The current interval is on the right side of the new interval, that is, $newInterval[1] < interval[0]$. At this time, if the new interval has not been added, then add the new interval to the answer, and then add the current interval to the answer.
The current interval is on the left side of the new interval, that is, $interval[1] < newInterval[0]$. At this time, add the current interval to the answer.

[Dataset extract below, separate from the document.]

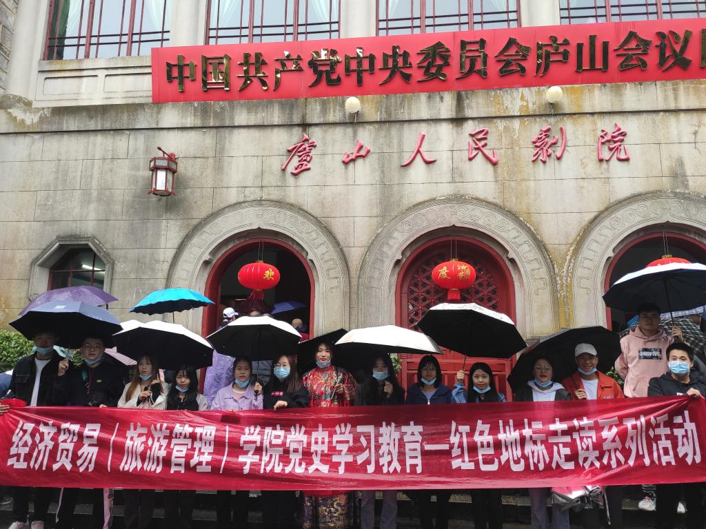 為追尋、感知紅色革命精神,做新時(shí)代紅色傳人,推進(jìn)黨史學(xué)習(xí)教育的深入開展,2021年10月15日上午,經(jīng)濟(jì)貿(mào)易學(xué)院教工黨支部教師、學(xué)生黨支部黨員赴廬山會(huì)議舊址和美廬別墅館開展“紅色地標(biāo)走讀”活動(dòng)。
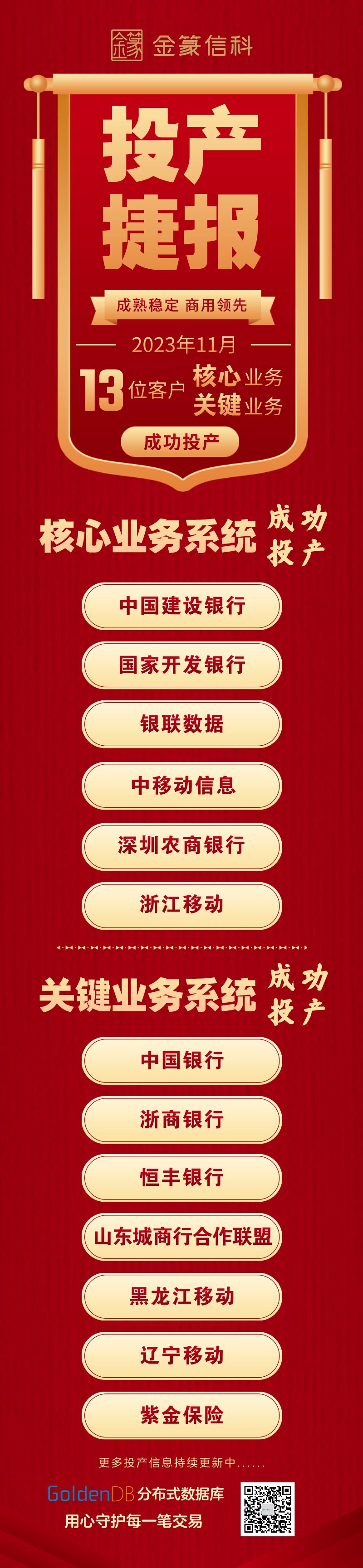 市场金榜 | 捷报频传!11月GoldenDB助力13位客户业务投产

Otherwise, it means that the current interval and the new interval intersect. We take the minimum of the left endpoint of the current interval and the left endpoint of the new interval, and the maximum of the right endpoint of the current interval and the right endpoint of the new interval, as the left and right endpoints of the new interval, and then continue to traverse the interval list.

After the traversal, if the new interval has not been added, then add the new interval to the answer.

The time complexity is $O(n)$, where $n$ is the number of intervals. Ignoring the space consumption of the answer array, the space complexity is $O(1)$.